Law Day, the Cold War Eisenhower-era May 1 counterprogramming to the socialist May Day, is when American law school deans and judges give speeches on the importance of, as you’d guess, the law. But this year the law is threatened, not by the Soviet bloc, but by Ike’s own successor in the White House: Donald Trump.
During his first 100 days in office, Trump has been lawless, issuing 139 executive orders (and only signing five laws). He has attacked courts and judges and law firms that have gotten in his way. He has ignored judicial orders and called for the impeachment of federal judges and tried to make law firms bend to his will. Some firms have cravenly caved and others have bravely fought back.
The law does matter. It is what protects us from tyranny: Independent courts, separate from the executive. The right to be heard in court. The right of due process. The right to have a lawyer. It’s not just about TV shows like “Law & Order.” Yet rule of law in its most distilled form has to do with our agreement as a society to give up some of our individual control in favor of a certain predictability and the common good. Like every American, Donald Trump also needs the law, even if he believes he is above it.
What the law isn’t, or shouldn’t be, is the determination of one person or one party, in ways that cannot be predicted, cannot be challenged, and cannot be reconciled with the Constitution or our underlying principles of liberal and representative governance.

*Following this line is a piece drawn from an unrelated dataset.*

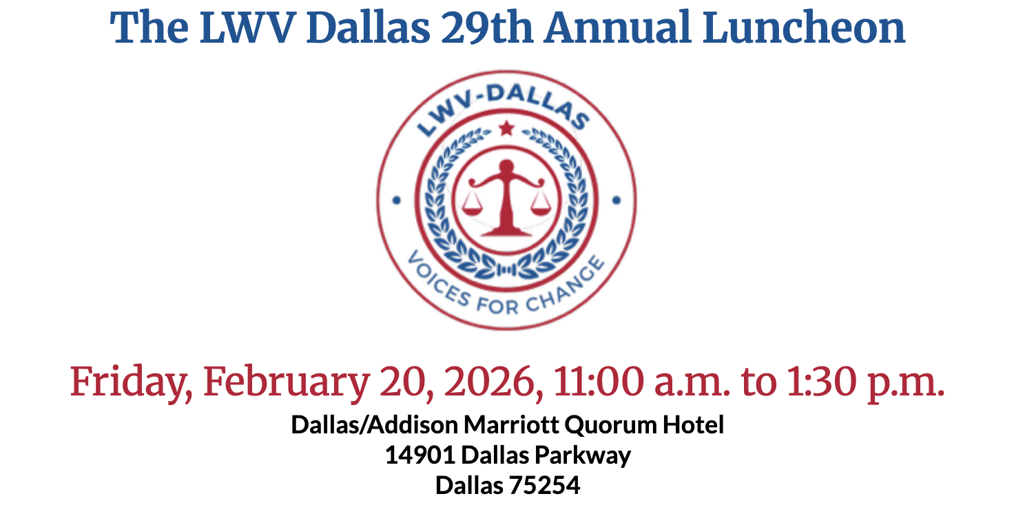 Dear League Members: You are invited to support the LWVD silent auction on Friday, February 20, 2026, at the Dallas/Addison Marriott Quorum Hotel. We will honor Dr. Levatta Levels, who will receive the Making Democracy Work Award, and Lynn McBee, who will receive the Eleanor Sutherland Volunteer Award.

This Law Day, we can take a moment to reflect not only on the particular sets of laws that matter to us, but the importance of a legal structure in of itself, one that does not fundamentally rely on one branch or one person, and which cannot be remade at will by any one leader.
Trump has gone to war with the federal judiciary to do away with constraints on his power. Congress, one house of which has been called the “greatest deliberative body on earth,” now seems content not only to eschew the responsibility to keep developing this nation’s laws, but to not zealously guard the potency of the ones already passed.
As Trump calls his executive orders “legislation” and tramples statutes — from attempting to dissolve government departments created by Congress to instituting disastrous tariffs under improper invocation of an emergency to fully ignoring our system of due process for immigrants — GOP policymakers seem thrilled to step aside and let it happen.
History is quite clear about one thing: the path back from authoritarian government is not an easy one. Lawmakers who think that, for reasons of political expediency or short-term electoral objective, they can humor Trump‘s power grab will come to find that you can’t quite put the toothpaste back in the tube. It’s always worth remembering that, in a system in which the rule of law has broken down, no one really knows if or when the state will turn against them, too.
A year from today will be another May 1 and another Law Day. We hope that the law will still stand tall then despite the Trump storm.